- [Task objective]: Return the full listing word for word, but drop every picture from it.

- [Available data]:
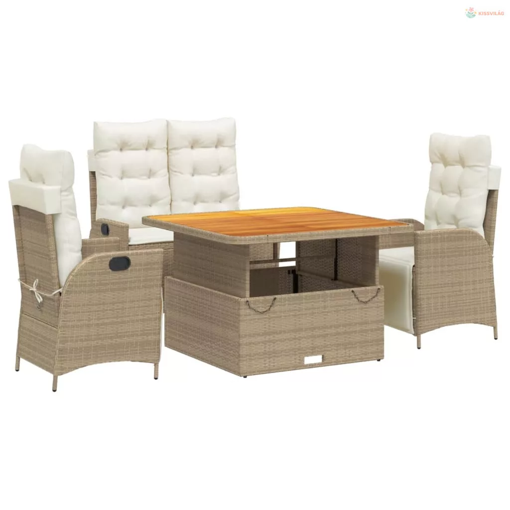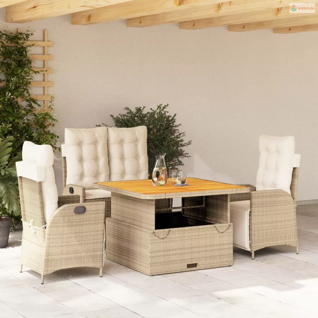 4 részes bézs polyrattan kerti étkezőgarnitúra párnákkal
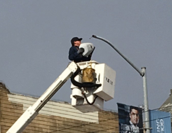 San Francisco is gradually replacing its old streetlights with new LED fixtures. La Lengua rebel propagandist Burrito Justice documented the transition on of one fixture Mission just south of Precita this morning.
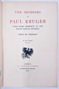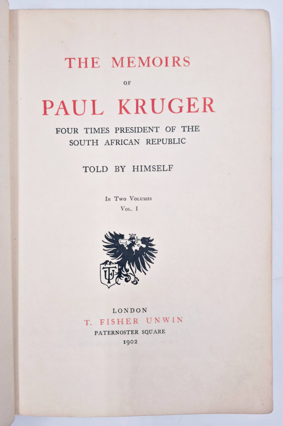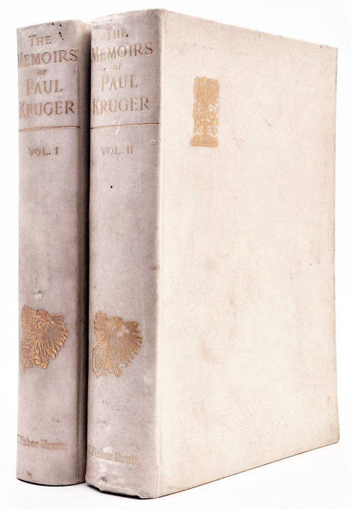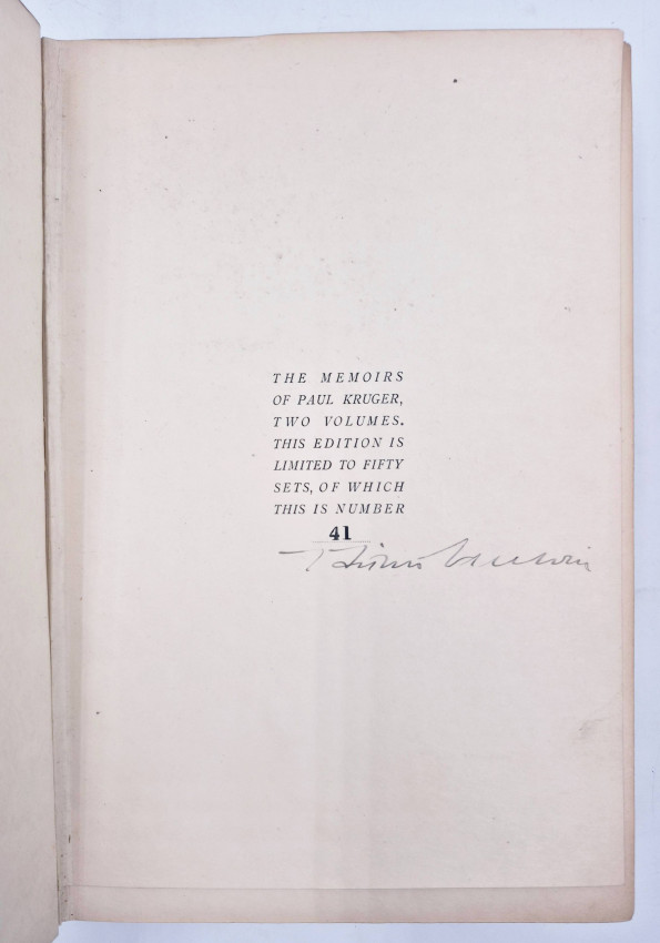 Colophon reads: The Memoirs of Paul Kruger. Two volumes. This edition is limited to fifty sets, of which this is number 41. Signed by the publisher T. Fisher Unwin.

- [Answer space]:
 4 részes bézs polyrattan kerti étkezőgarnitúra párnákkal
 San Francisco is gradually replacing its old streetlights with new LED fixtures. La Lengua rebel propagandist Burrito Justice documented the transition on of one fixture Mission just south of Precita this morning.
 Colophon reads: The Memoirs of Paul Kruger. Two volumes. This edition is limited to fifty sets, of which this is number 41. Signed by the publisher T. Fisher Unwin.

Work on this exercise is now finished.